→ **WHAT THE TASK REQUIRES**: Your answer must be the exact lines below, starting with the line with "A propósito del" and going on through the line with "Am frühen Samstagmorgen", both included, with no pictures.

→ **Stored items**:
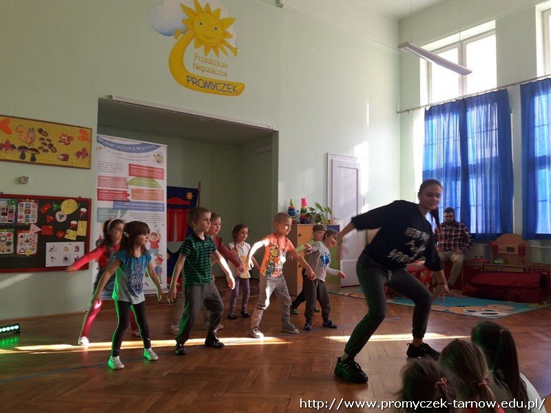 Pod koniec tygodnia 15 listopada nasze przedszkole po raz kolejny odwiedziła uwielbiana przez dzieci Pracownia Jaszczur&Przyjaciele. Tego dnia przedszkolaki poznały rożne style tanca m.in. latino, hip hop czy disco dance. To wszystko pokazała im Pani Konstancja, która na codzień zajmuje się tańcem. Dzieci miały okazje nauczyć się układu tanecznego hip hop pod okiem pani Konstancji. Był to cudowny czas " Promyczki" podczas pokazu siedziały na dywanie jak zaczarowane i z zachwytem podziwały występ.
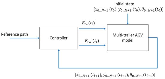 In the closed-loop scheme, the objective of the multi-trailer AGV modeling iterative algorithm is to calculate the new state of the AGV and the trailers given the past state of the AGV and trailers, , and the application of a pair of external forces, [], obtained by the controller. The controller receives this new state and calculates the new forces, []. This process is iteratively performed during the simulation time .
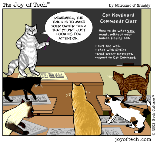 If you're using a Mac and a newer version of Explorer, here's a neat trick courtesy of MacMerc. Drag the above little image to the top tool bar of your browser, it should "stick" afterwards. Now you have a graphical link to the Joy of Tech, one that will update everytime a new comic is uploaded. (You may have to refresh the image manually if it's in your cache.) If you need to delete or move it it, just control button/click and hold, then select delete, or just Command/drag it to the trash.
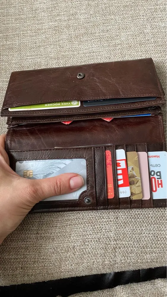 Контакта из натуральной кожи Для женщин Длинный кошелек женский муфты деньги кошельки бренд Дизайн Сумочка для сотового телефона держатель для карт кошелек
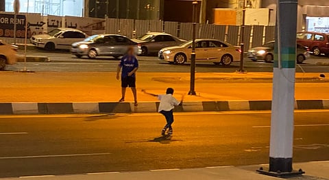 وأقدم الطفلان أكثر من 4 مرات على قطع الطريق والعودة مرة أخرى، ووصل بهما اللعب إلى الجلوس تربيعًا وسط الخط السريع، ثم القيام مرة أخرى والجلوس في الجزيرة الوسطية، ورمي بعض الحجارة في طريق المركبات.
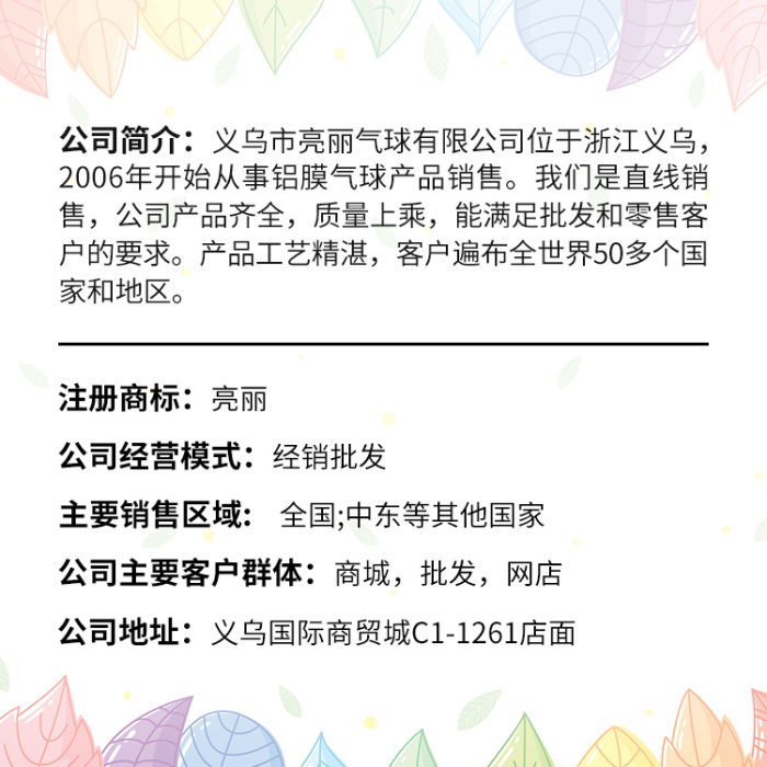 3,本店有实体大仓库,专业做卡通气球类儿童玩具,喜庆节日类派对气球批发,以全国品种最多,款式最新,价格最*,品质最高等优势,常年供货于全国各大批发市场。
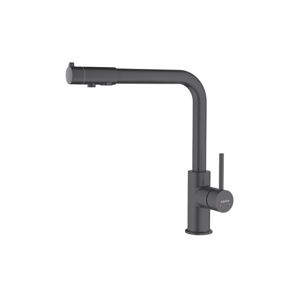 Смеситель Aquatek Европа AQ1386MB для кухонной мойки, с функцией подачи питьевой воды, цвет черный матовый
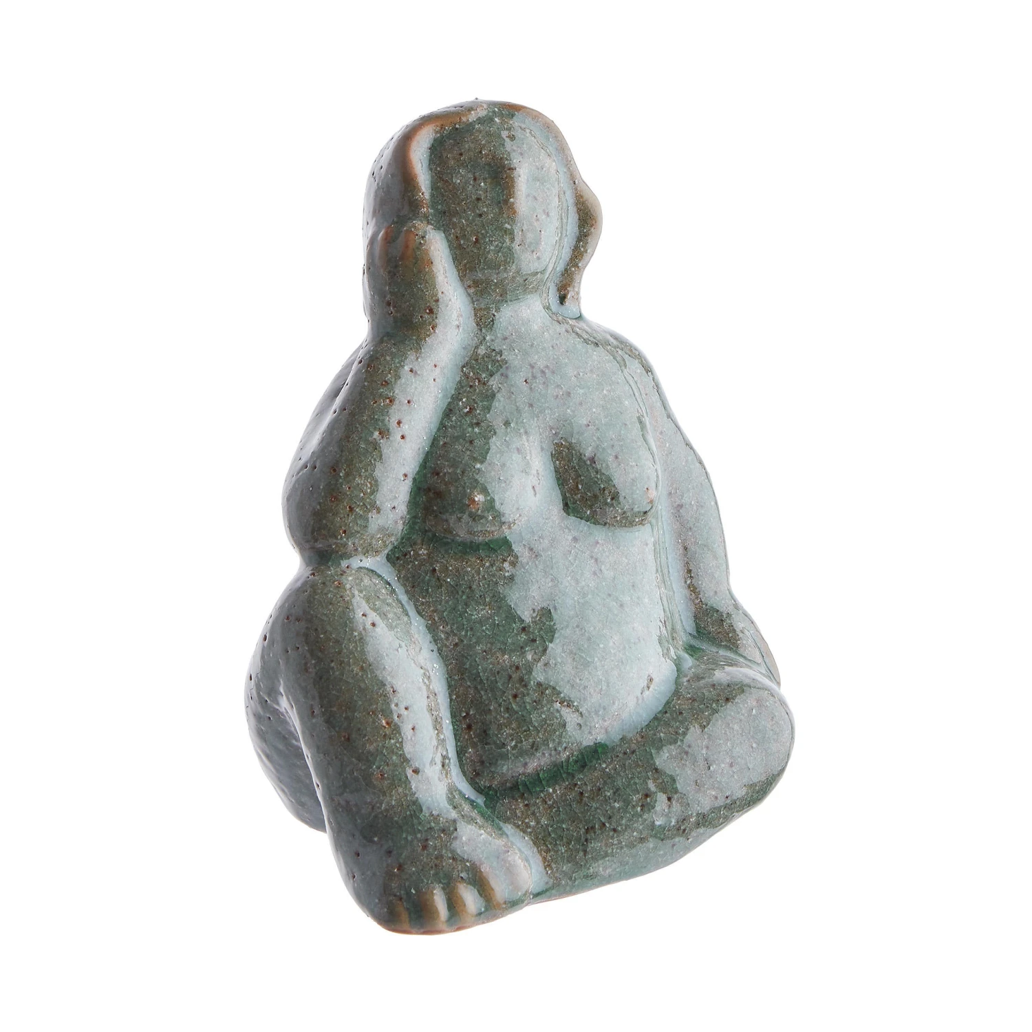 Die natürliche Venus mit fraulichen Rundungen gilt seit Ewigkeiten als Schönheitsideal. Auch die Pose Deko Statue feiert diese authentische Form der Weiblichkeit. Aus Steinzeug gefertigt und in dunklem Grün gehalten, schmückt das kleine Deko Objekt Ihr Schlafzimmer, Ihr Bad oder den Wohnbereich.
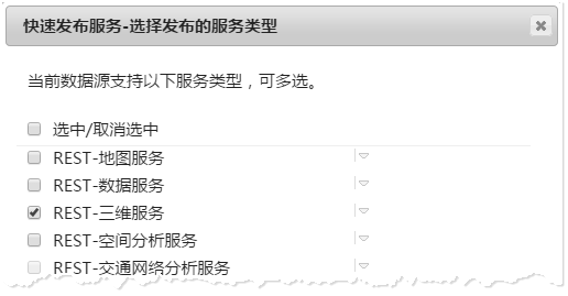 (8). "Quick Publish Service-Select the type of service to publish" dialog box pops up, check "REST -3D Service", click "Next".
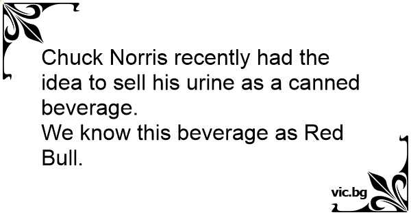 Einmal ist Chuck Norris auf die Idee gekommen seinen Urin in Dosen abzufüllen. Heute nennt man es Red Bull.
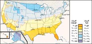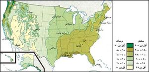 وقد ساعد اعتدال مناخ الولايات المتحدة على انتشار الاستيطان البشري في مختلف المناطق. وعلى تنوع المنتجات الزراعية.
--
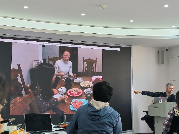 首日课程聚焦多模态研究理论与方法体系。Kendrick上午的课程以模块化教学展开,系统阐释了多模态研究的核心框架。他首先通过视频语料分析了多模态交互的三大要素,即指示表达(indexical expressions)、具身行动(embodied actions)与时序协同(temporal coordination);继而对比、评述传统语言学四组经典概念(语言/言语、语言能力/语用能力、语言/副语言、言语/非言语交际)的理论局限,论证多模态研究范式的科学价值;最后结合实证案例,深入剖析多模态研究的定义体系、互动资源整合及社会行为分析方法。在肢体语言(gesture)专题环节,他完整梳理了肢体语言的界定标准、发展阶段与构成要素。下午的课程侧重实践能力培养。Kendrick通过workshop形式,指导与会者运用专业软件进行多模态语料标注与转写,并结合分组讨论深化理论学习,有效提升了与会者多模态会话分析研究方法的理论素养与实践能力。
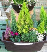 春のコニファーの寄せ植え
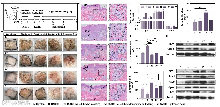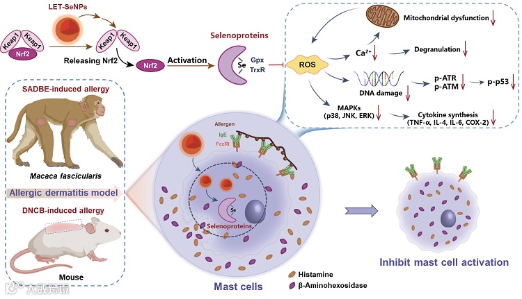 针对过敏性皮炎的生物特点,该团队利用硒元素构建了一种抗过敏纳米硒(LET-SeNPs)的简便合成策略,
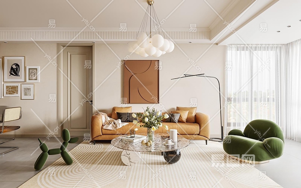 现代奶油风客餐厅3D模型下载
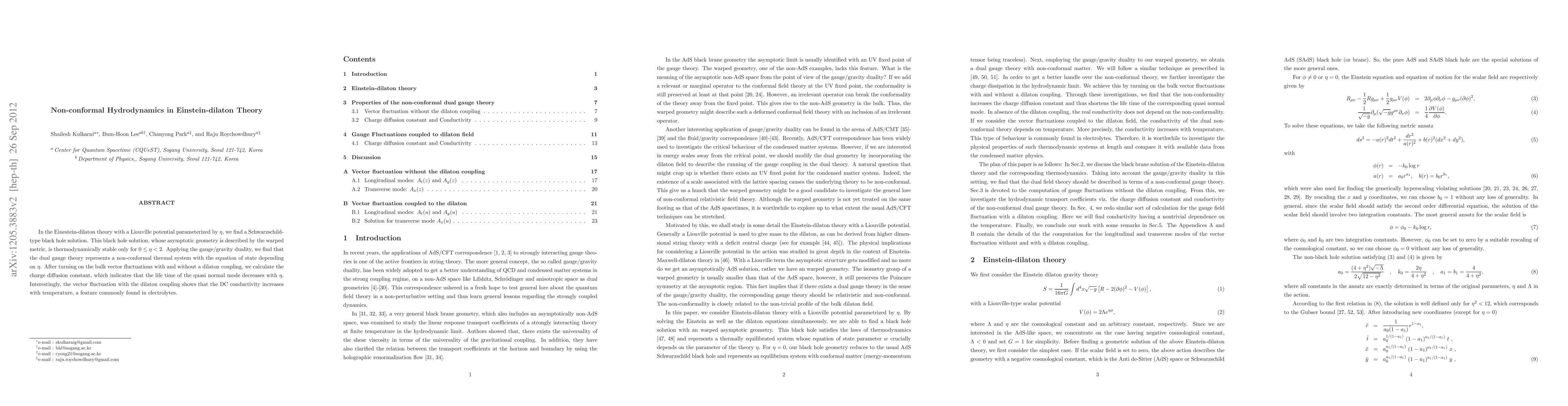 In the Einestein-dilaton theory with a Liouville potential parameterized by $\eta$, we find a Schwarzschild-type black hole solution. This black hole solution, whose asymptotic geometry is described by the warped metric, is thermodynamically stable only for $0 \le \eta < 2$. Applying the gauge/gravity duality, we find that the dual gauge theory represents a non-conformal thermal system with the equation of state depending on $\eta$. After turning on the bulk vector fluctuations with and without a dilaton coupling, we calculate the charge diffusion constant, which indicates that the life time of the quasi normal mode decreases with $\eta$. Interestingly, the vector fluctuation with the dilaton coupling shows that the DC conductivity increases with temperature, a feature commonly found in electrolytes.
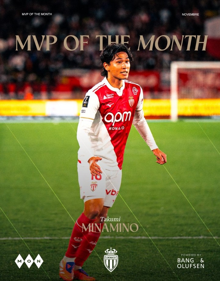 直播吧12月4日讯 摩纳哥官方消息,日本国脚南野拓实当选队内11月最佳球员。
* * *
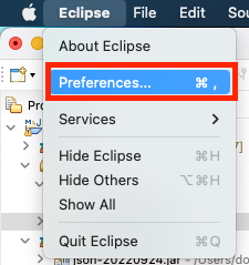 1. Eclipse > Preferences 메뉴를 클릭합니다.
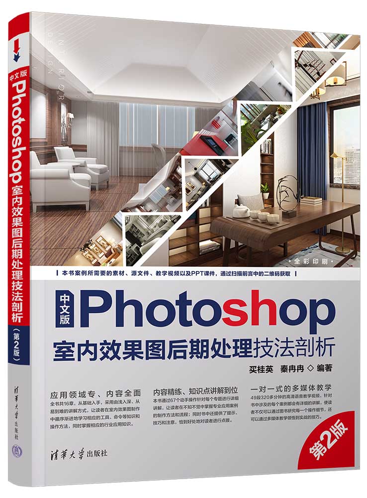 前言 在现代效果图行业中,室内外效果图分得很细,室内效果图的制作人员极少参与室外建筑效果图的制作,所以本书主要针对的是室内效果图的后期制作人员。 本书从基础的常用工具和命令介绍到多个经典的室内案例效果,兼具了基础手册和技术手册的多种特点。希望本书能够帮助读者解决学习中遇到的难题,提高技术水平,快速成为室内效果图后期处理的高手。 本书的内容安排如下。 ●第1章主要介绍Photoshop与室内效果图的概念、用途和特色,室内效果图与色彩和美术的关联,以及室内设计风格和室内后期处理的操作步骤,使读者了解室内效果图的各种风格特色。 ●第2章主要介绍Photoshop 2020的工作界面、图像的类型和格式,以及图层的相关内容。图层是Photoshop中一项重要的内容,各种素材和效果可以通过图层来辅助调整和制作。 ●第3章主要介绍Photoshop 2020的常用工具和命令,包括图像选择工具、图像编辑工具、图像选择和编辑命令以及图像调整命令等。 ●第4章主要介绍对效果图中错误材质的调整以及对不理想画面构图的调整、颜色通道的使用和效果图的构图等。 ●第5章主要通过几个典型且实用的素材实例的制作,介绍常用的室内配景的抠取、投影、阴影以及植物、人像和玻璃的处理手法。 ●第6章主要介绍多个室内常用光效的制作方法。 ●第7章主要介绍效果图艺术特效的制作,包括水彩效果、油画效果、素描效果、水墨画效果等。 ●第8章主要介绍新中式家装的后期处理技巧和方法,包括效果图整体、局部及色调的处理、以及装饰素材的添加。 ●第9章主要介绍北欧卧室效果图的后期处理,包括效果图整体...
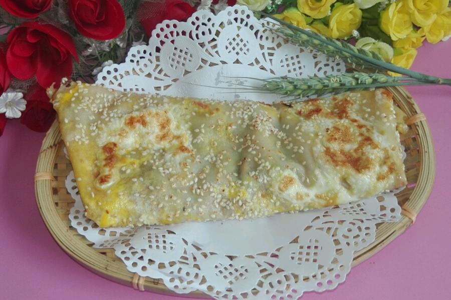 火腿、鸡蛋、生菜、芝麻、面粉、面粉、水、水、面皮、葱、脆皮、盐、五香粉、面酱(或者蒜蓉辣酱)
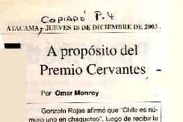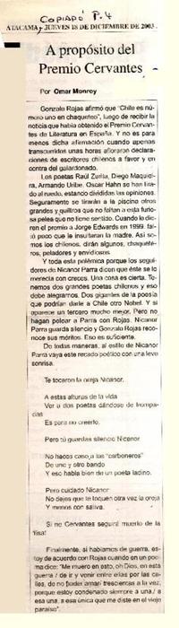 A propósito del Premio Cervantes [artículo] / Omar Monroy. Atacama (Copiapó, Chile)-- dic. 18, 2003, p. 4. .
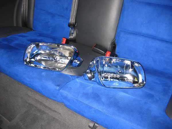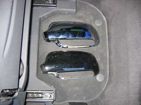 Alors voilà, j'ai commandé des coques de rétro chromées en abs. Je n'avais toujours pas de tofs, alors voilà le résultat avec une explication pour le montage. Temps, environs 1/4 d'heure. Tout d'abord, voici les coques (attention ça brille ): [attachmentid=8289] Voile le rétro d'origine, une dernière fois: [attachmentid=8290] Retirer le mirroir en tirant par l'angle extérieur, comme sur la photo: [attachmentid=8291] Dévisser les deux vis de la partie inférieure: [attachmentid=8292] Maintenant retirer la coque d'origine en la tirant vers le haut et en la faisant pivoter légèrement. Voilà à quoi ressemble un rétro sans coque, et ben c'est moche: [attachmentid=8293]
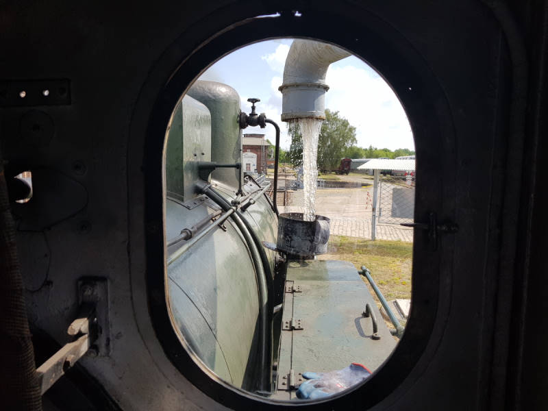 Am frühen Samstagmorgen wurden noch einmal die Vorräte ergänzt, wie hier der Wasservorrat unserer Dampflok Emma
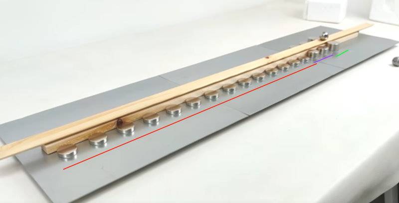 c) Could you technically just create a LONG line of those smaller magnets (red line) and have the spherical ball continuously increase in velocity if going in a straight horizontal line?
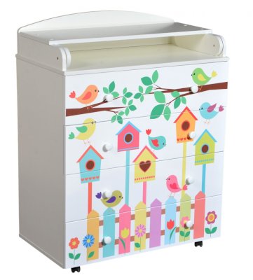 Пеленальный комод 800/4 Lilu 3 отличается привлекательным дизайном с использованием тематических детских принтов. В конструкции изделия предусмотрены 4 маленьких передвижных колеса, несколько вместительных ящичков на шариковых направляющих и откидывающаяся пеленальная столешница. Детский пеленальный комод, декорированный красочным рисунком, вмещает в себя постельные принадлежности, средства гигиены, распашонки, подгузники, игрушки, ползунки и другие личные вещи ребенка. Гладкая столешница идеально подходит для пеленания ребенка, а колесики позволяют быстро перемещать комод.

→ **ANSWER BOX**:
 A propósito del Premio Cervantes [artículo] / Omar Monroy. Atacama (Copiapó, Chile)-- dic. 18, 2003, p. 4. .
 Alors voilà, j'ai commandé des coques de rétro chromées en abs. Je n'avais toujours pas de tofs, alors voilà le résultat avec une explication pour le montage. Temps, environs 1/4 d'heure. Tout d'abord, voici les coques (attention ça brille ): [attachmentid=8289] Voile le rétro d'origine, une dernière fois: [attachmentid=8290] Retirer le mirroir en tirant par l'angle extérieur, comme sur la photo: [attachmentid=8291] Dévisser les deux vis de la partie inférieure: [attachmentid=8292] Maintenant retirer la coque d'origine en la tirant vers le haut et en la faisant pivoter légèrement. Voilà à quoi ressemble un rétro sans coque, et ben c'est moche: [attachmentid=8293]
 Am frühen Samstagmorgen wurden noch einmal die Vorräte ergänzt, wie hier der Wasservorrat unserer Dampflok Emma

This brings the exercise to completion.